Actually measured data can now be passed to the ABCSMC. This is set via the `new`

method, indicating that we start a new run as opposed to resuming a stored run (see the “resume stored run” example). Moreover, we have to set the output database where the ABC-SMC run is logged.

```
[4]:
```

```
# y_observed is the important piece here: our actual observation.
y_observed = 1
# and we define where to store the results
db_path = "sqlite:///" + os.path.join(tempfile.gettempdir(), "test.db")
history = abc.new(db_path, {"y": y_observed})
```

```
INFO:History:Start <ABCSMC id=1, start_time=2021-02-21 20:27:46.032578>
```

The `new`

method returns a history object, whose id identifies the ABC-SMC run in the database. We’re not using this id for now. But it might be important when you load the stored data or want to continue an ABC-SMC run in the case of having more than one ABC-SMC run stored in a single database.

```
[5]:
```

```
print("ABC-SMC run ID:", history.id)
```

```
ABC-SMC run ID: 1
```

## Running the ABC

We run the `ABCSMC`

specifying the epsilon value at which to terminate. The default epsilon strategy is the `pyabc.epsilon.MedianEpsilon`

. Whatever is reached first, the epsilon or the maximum number allowed populations, terminates the ABC run.

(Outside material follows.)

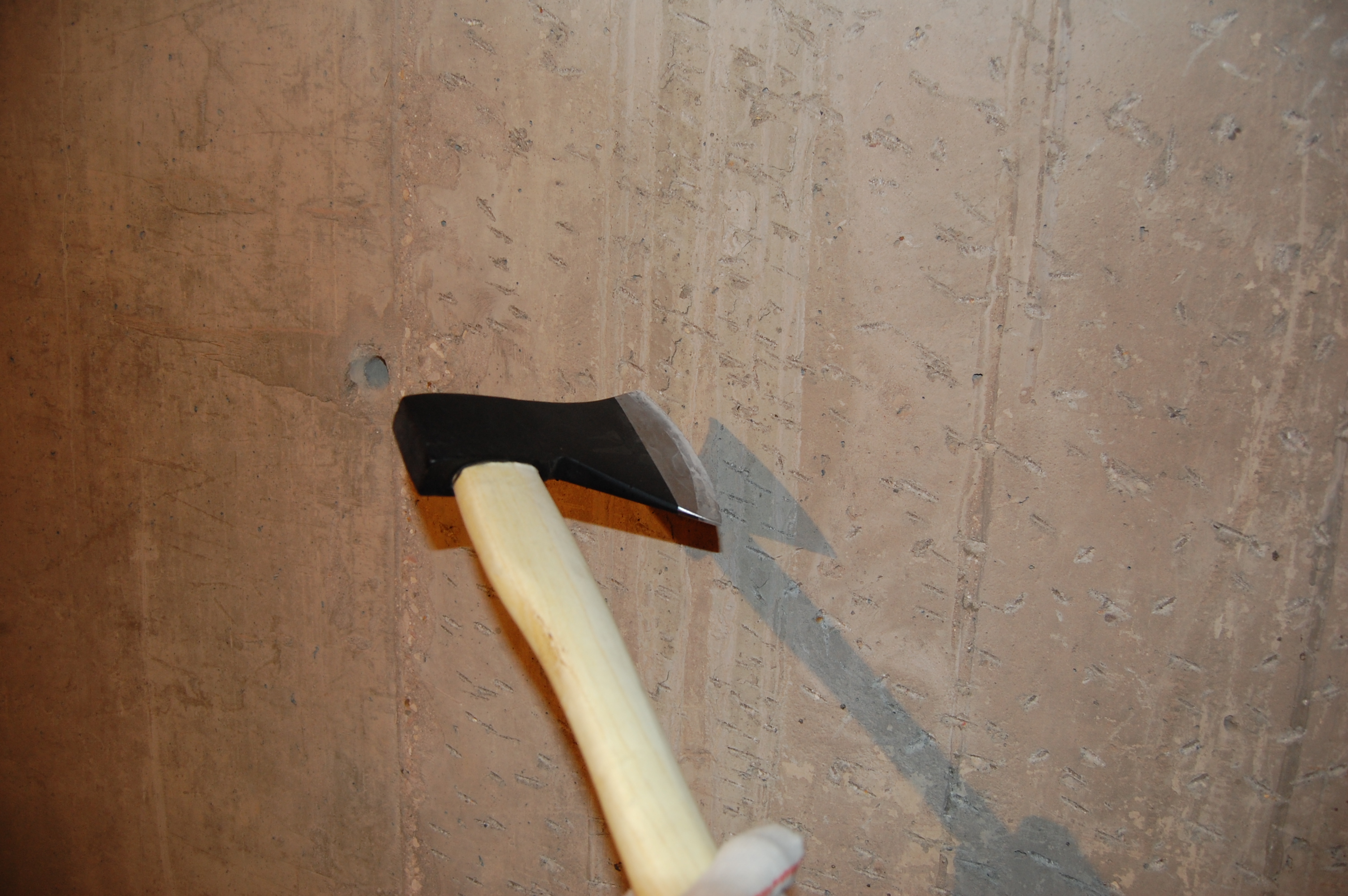 Особенность монолитных стен С монолитом в общем-то всё. Стоит упомянуть пожалуй только единожды увиденное мной. А была это абсолютно глянцевая, аж блестящая и лоснящаяся монолитная стена. Я конечно охотно верю в специальные грунтовки для сцепления штукатурки и бетонной поверхности, так и называемые с небольшими вариациями "Бетон-Контакт". И даже видел ролик где "Бетон-контакт" на стекло накапывали, а потом отодрать не могли. Только... Только во многих роликах много лукавства. "Бетон-Контакт" действительно на стекле лучше, чем на бетоне держится. Причиной тому и пыль, которую как не мой бетон всё равно не смоешь. И поверхность бетона более хрупкая... Поэтому по старинке, когда о "Бетон-контактах" ещё и не слыхивали, взялся наносить насечки на стену. Для этого действия существует специальный инструмент: 1) Самое удобное - это бучарда. Молоток такой тяжёлый, у которого вместо плоскости для забивания - шипы. Собственно домашняя колотушка для отбивания мяса - его копия. 2) Троянка или зубчатка. Зубило с рабочей поверхностью разделённой на несколько шипов. ![]() 3) В принципе можно и шлямбуром воспользоваться. Это трубка у которой рабочая кромка тоже поделена на несколько шипов. Назначение её правда отверстия в каменных стенах пробивать. Понятное дело, что у меня ничего подобного не оказалось. И купить столь специфический инструмент - куда-то ехать. Да и денег он стоит. Поэтому вспомнил старый дедовский способ "рубить стену". Собственно в слове "рубить" всё и сказано. Топор из Леруа за пару сотен. Ритм 20 ударов в минуту. Из недедовского только очки и противопыльная маска на лицо. И полтора часа времени с пятиминутным перекуром |

The method returns a `pyabc.storage.History`

object, which can, for example, be queried for the posterior probabilities.

```
[6]:
```

```
# We run the ABC until either criterion is met
history = abc.run(minimum_epsilon=0.2, max_nr_populations=5)
```

```
INFO:ABC:Calibration sample t=-1.
INFO:Epsilon:initial epsilon is 0.4513005593964347
INFO:ABC:t: 0, eps: 0.4513005593964347.
INFO:ABC:Acceptance rate: 100 / 221 = 4.5249e-01, ESS=1.0000e+02.
INFO:ABC:t: 1, eps: 0.18718437297658125.
INFO:ABC:Acceptance rate: 100 / 353 = 2.8329e-01, ESS=8.8666e+01.
INFO:pyabc.util:Stopping: minimum epsilon.
INFO:History:Done <ABCSMC id=1, duration=0:00:02.979904, end_time=2021-02-21 20:27:49.012482>
```

Note that the history object is also always accessible from the `ABCSMC`

object:

```
[7]:
```

```
history is abc.history
```

```
[7]:
```

```
True
```

## Visualization and analysis of results

The `pyabc.storage.History>`

object can, for example, be queried for the posterior probabilities in the populations:

```
[8]:
```

```
# Evaluate the model probabililties
model_probabilities = history.get_model_probabilities()
model_probabilities
```

```
[8]:
```

m | 0 | 1 |
---|---|---|

t | ||

0 | 0.33000 | 0.67000 |

1 | 0.25232 | 0.74768 |

And now, let’s visualize the results:

```
[9]:
```

```
pyabc.visualization.plot_model_probabilities(history)
```

```
[9]:
```

```
<AxesSubplot:title={'center':'Model probabilities'}, xlabel='Population index', ylabel='Probability'>
```

So model 1 is the more probable one. Which is expected as it was centered at 1 and the observed data was also 1, whereas model 0 was centered at 0, which is farther away from the observed data.